Jakub Józef Orliński as Orpheus’s Double in Matthew Aucoin’s Eurydice. Photo: Marty Sohl / Met Opera.

When Eurydice is alone, the plot advances. A strange, devilish man (shrill tenor Barry Banks), who later doubles as Hades, has found the father’s letter. He schemes to bring Eurydice back to his high-rise apartment — plinking, up-and-down music comically mirrors their stair-climbing. Eurydice manages to snatch the letter from the man but she falls — or, rather, slo-mo descends on a mattress lowered through a trap door — to her death. In the Underworld, she meets a purposefully grating, repetitive chorus of Stones — Little Stone (soprano Stacey Tappan), Big Stone (mezzo-soprano Ronnita Miller), and Loud Stone (tenor Chad Shelton) — and reconnects with her doting father, whom she does not recognize at first. Their re-acquaintance unfolds with a poetic tenderness that further tethers her below. There are no rooms in the Underworld, but Eurydice’s father makes her one out of string, singing of how he used a mnemonic to evade the river of forgetfulness and remember her name. Above, Orpheus writes to Eurydice that he “play[s] the saddest music now you’re gone.” Cue his descent to retrieve her and the fateful look back.

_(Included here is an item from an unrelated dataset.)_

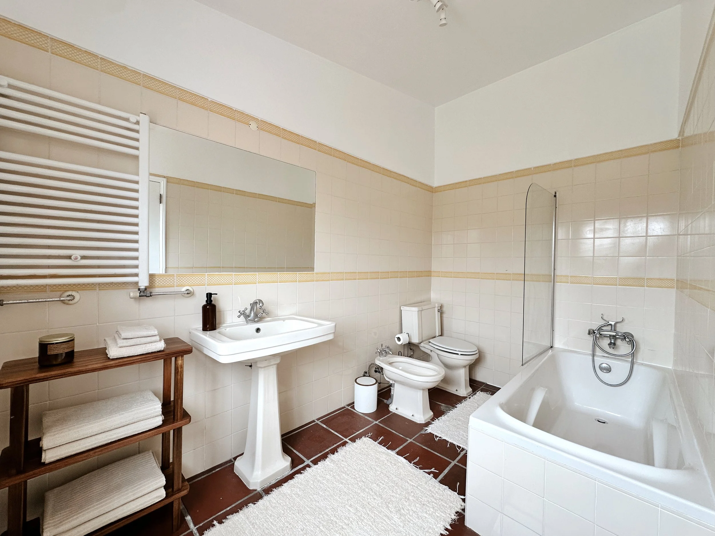 in the bathroom, we didn’t change much. we’ll do a full makeover at some point. we’ll do a tadelakt and concrete bathroom, but for now we gave it a quick refresh - replacing the shower door, swapping out light fixtures, painting, and updating decor.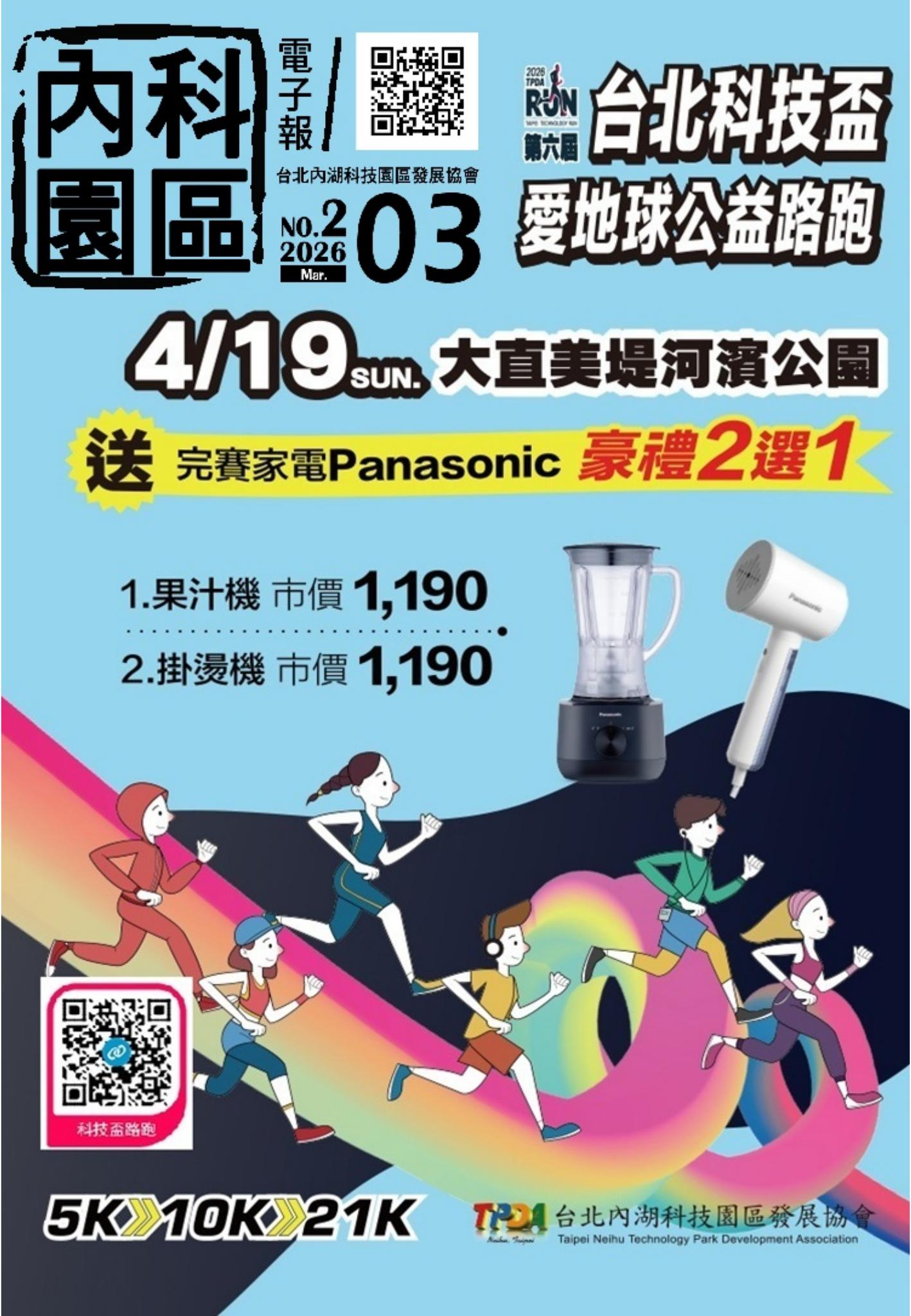 內科園區2026.03.11電子報:錯過再等一年!4/19台北科技盃公益路跑 3/22報名截止!最後倒數中!

In Eurydice, though, the stakes of the couple’s walk-up-from-hell are low. Daniel Ostling’s set, in this moment and indeed throughout, is simple and stylish. As Orpheus and Eurydice ascend single-file, the thick gray slabs that formed the Underworld lift to let in a cornstalk light, accompanied by small shoots that inch up from the ground. But Eurydice’s heart remains below with her father, and she calls Orpheus’s name, prompting his turn. “I decided to come back,” Eurydice tells the Stones. The opera’s real tragedy: the father, desolate after Eurydice left, goes to the river (a subway-tile shower stall) and washes away all his hard-won memories. She finds the slumped husk of his body and does the same. Orpheus descends to find their lifeless forms. The curtain falls.

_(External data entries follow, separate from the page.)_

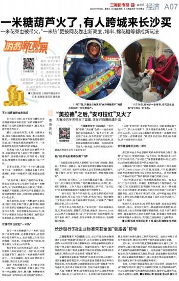 “我看最近身边好多人都搭配‘安可拉红’的衣服,降温后一直想买一顶帽子,这个暗红色的帽子搭配衣服还挺好看的。”11月28日,长沙市民周女士正在名创优品挑选帽子,“除了帽子,好多‘安可拉红’色系的围巾、发圈都挺亮眼的”。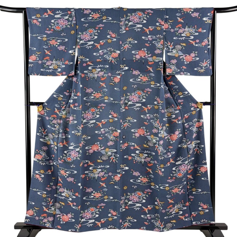 【着物ランク】秀品 【素材】正絹 【身丈】約157cm 【裄丈】約64cm 【袖丈】約48cm 【袖幅】約33.5cm 【前幅】約23.5cm 【後幅】約29.5cm 【サイズ】M 【着物仕立て】袷 【着用時期】10~5月 【状態ランク】ランクB 【着物着用シーン】気軽なパーティー、観劇、食事会、正月、気軽なお茶会、街着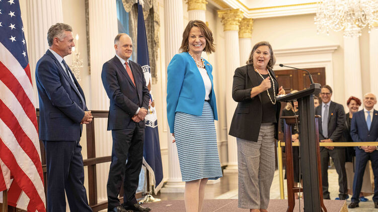 "Именно лидерство Виктории в Украине дипломаты и исследователи внешней политики будут изучать еще долгие годы. Ее усилия были незаменимы для противостояния полномасштабному вторжению Путина в Украину, для формирования глобальной коалиции, чтобы гарантировать его стратегическую неудачу, и для помощи Украине в достижении того дня, когда она сможет твердо встать на ноги - демократически, экономически и в военном отношении", - считает Блинкен.

Aucoin’s score juxtaposes a variety of evocative sounds — plinks, a clock-like syncopation, punctuating bangs (e.g., The Stones intone, “No one knocks at the door of the dead!” bang! “No one knocks at the door of the dead!” bang!) — that come along so quickly that it is difficult to be pulled in. There is a surfeit of rippling expansiveness. At one point, the melody of Eurydice’s core aria, sung by the eponymous character at the end of Act II, shimmers, then swells memorably, overlaid with Ruhl’s stirring lyrics: “This is what it is to love an artist… Inside his head, there is always something more beautiful.” The problem is, in Eurydice’s father-daughter rejiggering of the myth, the beautiful love story isn’t between Orpheus and Eurydice.


Melissa Rodman writes on the arts, and her work has appeared in Public Books and the Harvard Crimson among others.

3 Comments

  1. […] New York Opera Review: “Eurydice” – Not a Love Story But a Father-Daughter Dirge artfuse.org […]

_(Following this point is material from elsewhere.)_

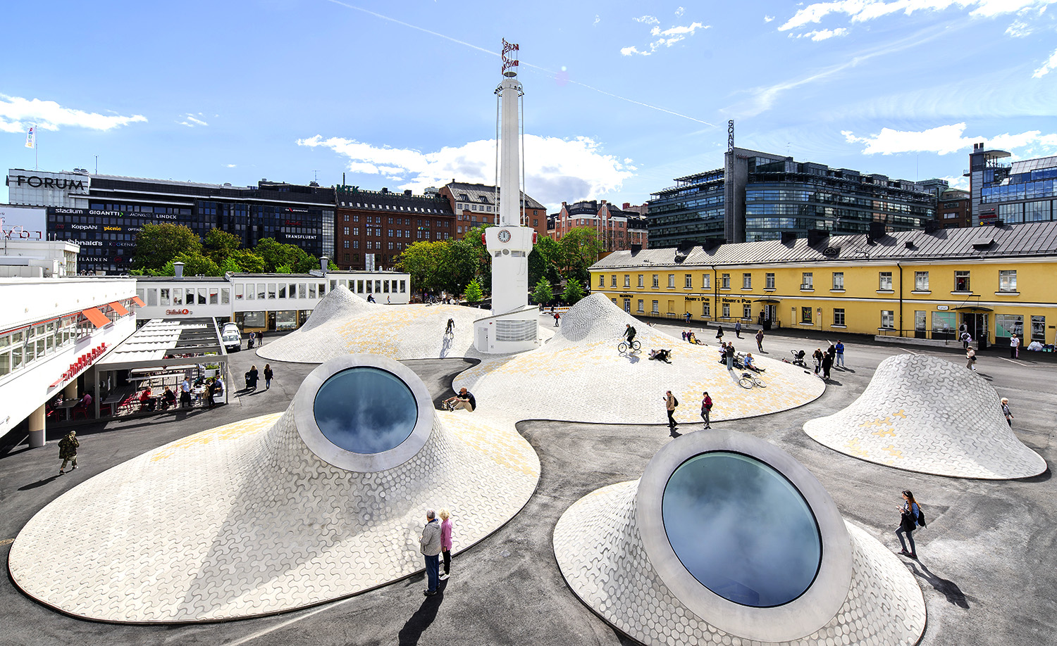 Fünfzig Millionen Euro wurden investiert, um das kulturelle Zentrum Helsinki’s um eine Attraktion zu erweitern. Ausgangspunkt war das Lasipalatsi Gebäude aus den Dreissiger-Jahren, eine architektonische Landmark im Zentrum der Stadt. Das Architekturbüro JKMM erhielt die Tradition, schuf einen zusätzlichen Museum-Raum für Projekte der Museums-Gesellschaft Amos Rex und darüber einen Platz für Helsinki’s Bürger. Das Projekt ist die neueste Ergänzung im Kultur-Quartier der Stadt. Mit dem Kiasma Museum of Contemporary Art, dem Helsinki Music Centre, Alvar Aalto’s Finlandia Hall, dem National Museum of Finland, dem Finnish Museum of Natural History, dem Ateneum Museum, Helsinki Art Museum (HAM) und der noch im Bau befindlichen Oodi Central Library soll die Stadt zu einem Kulturzentrum mit weltweiter Ausstrahlung werden.

  2. Zee on December 5, 2021 at 2:36 am

    This opera had a potential to be really great with its powerful instrumental score, excellent singers, and impressive production. Unfortunately, the vocal lines were monotonous – usually slow and dragging at the start and ending with a few fast notes. Worst of all, it was not clear what the modernized version of the story wanted to tell: that modern couples put their intellectual interests above love? That girls love their fathers more than husbands? Or these and many other things at the same time? A portrayal of Eurydice — in which the father is the most powerful character — is far from a reinterpretation of the ancient myth from Eurydice’s point of view as the librettist claims.

    • Ranger Jeff on December 9, 2021 at 6:28 pm

      I agree with you about the vocal lines, which made the opera about 30 minutes too long. The monotony was enhanced by the lack of recognizably repeated melody, though there were repeated harmonic progressions.

      But to me, the meaning of the reinterpretation was clear: Eurydice was not ALL women, but a young woman still emotionally too trapped by the passing of her father to participate fully in another love relationship. The possibility of Opheus/Eurydice being a mismatch from the outset was an intriguing takeoff from the classic, and a way to intensify the tragedy in an unexpected way.